Braves falter badly with runners in scoring position
Posted: Monday October 18, 1999 02:05 AM
Keith Lockhart (7) and the Braves had trouble getting to home plate with Mike Piazza guarding the front door. AP
NEW YORK (AP) -- For the Atlanta Braves, Sunday's Game 5 of the National League Championship Series was a frustrating string of missed opportunities, 15 innings of aggravation.
They loaded the bases in consecutive innings, both times without benefit of a base hit, and failed to score each time.
They left a record 19 runners on base -- and that doesn't include the one they had thrown out at the plate in the 13th inning.
They took the lead in the top half of the 15th and, needing just three outs to reach the World Series, they promptly lost to the New York Mets 4-3 on a grand slam that turned into a single.
"Baseball is a crazy game," sighed Walt Weiss, who thought he had scored the pennant-winning run in the top of the 15th.

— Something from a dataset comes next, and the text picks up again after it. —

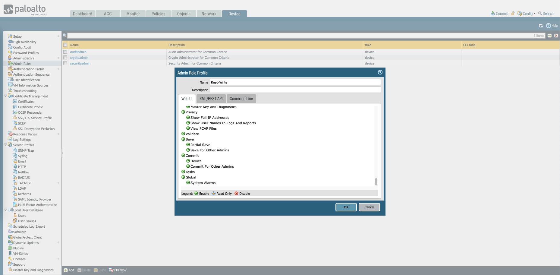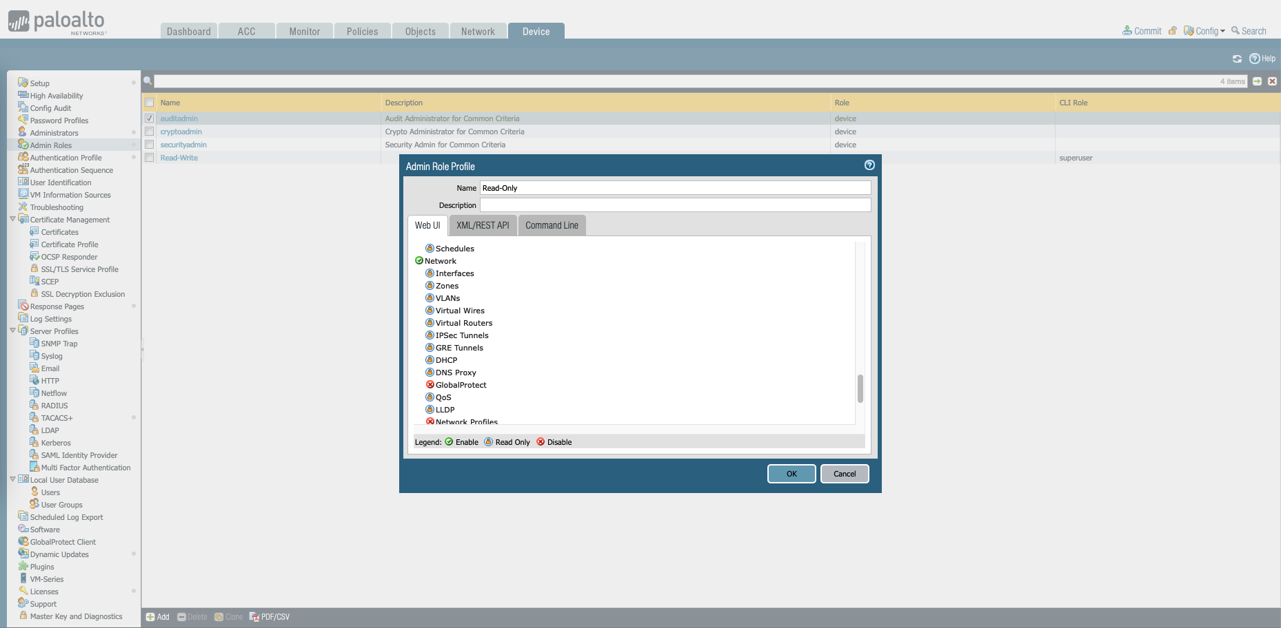 On the Palo Device, create two Admin Roles for Read-Write and Read-Only roles

"Just crazy," said Keith Lockhart, who thought he had driven it in with a 15th-inning triple that put Atlanta in front after 10 frustrating innings without a run. "You play the game. You go out and try to score. We finally got one for us. The mood was great. The momentum was great. You think, 'Just get the first guy."
The first guy was Shawon Dunston, who fought off pitch after pitch from Kevin McGlinchy before finally getting a single to start the winning rally.

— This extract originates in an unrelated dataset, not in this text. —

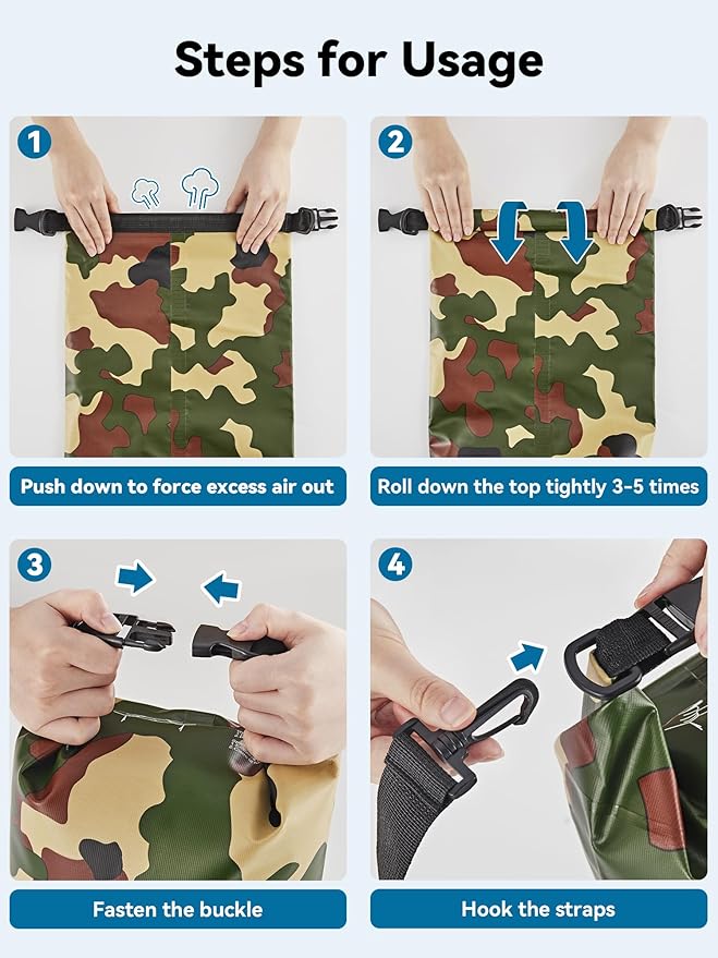 • Multifunctional - Equipped with adjustable shoulder straps for shoulder carrying and backpack, our dry bag is very convenient for different occasions like boating, rafting, kayaking, hiking, camping, fishing, mountaineering, etc. The lightweight dry bag won't weigh down your arms or shoulders
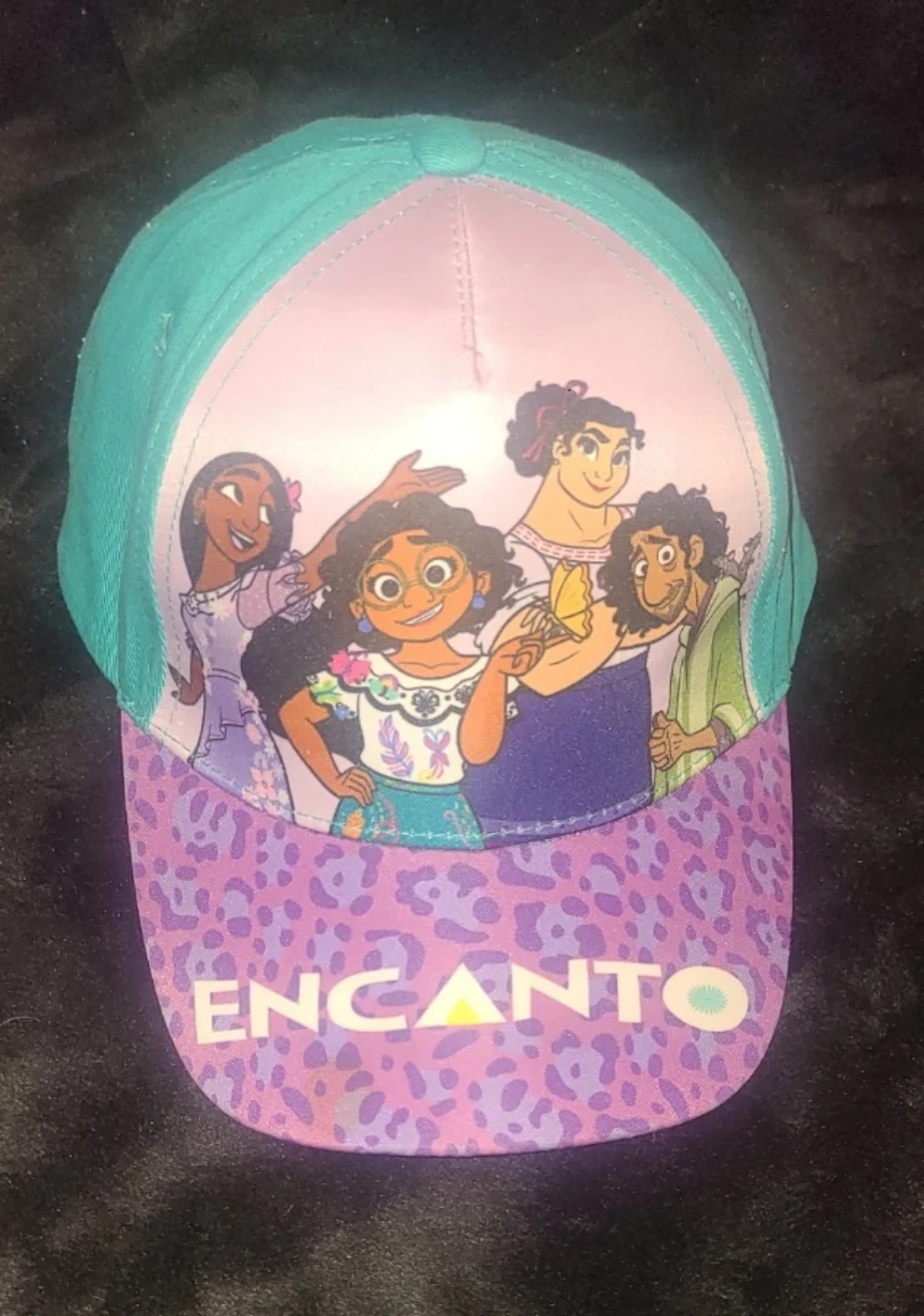 This is a Disney Encanto baseball cap featuring characters from the movie. It has a turquoise brim and back with a purple leopard print pattern on the front of the brim and a light purple crown. Adjustable strap for a comfortable fit. Perfect for young Encanto fans!

Everything went downhill from there for the Braves.
McGlinchy eventually forced in the tying run on a bases-loaded walk to Todd Pratt and then Robin Ventura hit a ball over the wall to win the game. He never made it around the bases and was credited with a game-winning RBI single.
McGlinchy welcomed the challenge and opportunity to close the game out. The fact is, he was the last Braves pitcher available except for starters Kevin Millwood, who will pitch Game 6 on Tuesday, John Smoltz, who pitched Saturday and Tom Glavine, who pitched Friday.
"Anybody wants the ball with the game on the line," the rookie said. "I wanted to get guys out. I had to come in to Ventura because I was behind in the count. It's one of those things. You have to forget it. Baseball is a crazy game. This was a crazy game."
Manager Bobby Cox gave credit to the resiliency of the Mets, who went from the first inning to the 15th without scoring, but still found a way to win.
"Any team, you know, you give them a chance to win," he said. "Nobody is going to give up once you've gotten this far. Nobody is. Every team should be that way.
"We missed way too many opportunities tonight. We should have scored many more runs. We had a few more chances than they did. It's not an easy way to lose a ballgame, the way we lost it."
Even in the inning when the Braves scored their first two runs, they came away with less than they might have.
The bases-loaded situations might have been turning points if Atlanta had not wasted so many other chances. Perhaps the most painful came in the 13th inning when Lockhart singled with two out and tried to score from first on Chipper Jones' double. He was thrown out by at least 10 feet.
Batting just .198 in the first four games of the series, the Braves had one brief breakthrough, stringing consecutive doubles by Bret Boone and Jones and a single by Brian Jordan to tie the score 2-2 in the fourth.
When Ryan Klesko walked, there were two on and no outs. But Orel Hershiser came out of the Mets bullpen to strike out Andruw Jones and Eddie Perez, and get Weiss on a roller to first base.
Atlanta's best chances came in the sixth and seventh, even though they never got a hit in either inning. Both times they loaded the bases. Both times they came away with nothing.
In the sixth, with pitcher Greg Maddux at bat, Cox put on the squeeze, despite a two-strike count. Maddux missed the bunt for strike three and Ryan Klesko had no chance coming down the line from third and was tagged out to end the inning.
"The ball was right down the middle," Cox said. "He's never missed one of those. I don't know what happened. He didn't either. We would have been home about 31/2 hours ago if we got that down. But we missed it."
An inning later, the Braves were back, knocking on the door again, and again they were turned away, this time when reliever Pat Mahomes got Andruw Jones on a fly ball, ending the threat.
It was like that all night for Atlanta. Finally, in the 15th, a triple by Lockhart drove in Weiss with the go-ahead run. But the Mets weren't done.
When Ventura delivered the winning hit, the Braves ran out of chances and now they won't get anymore until Tuesday when the series returns to Atlanta for Game 6.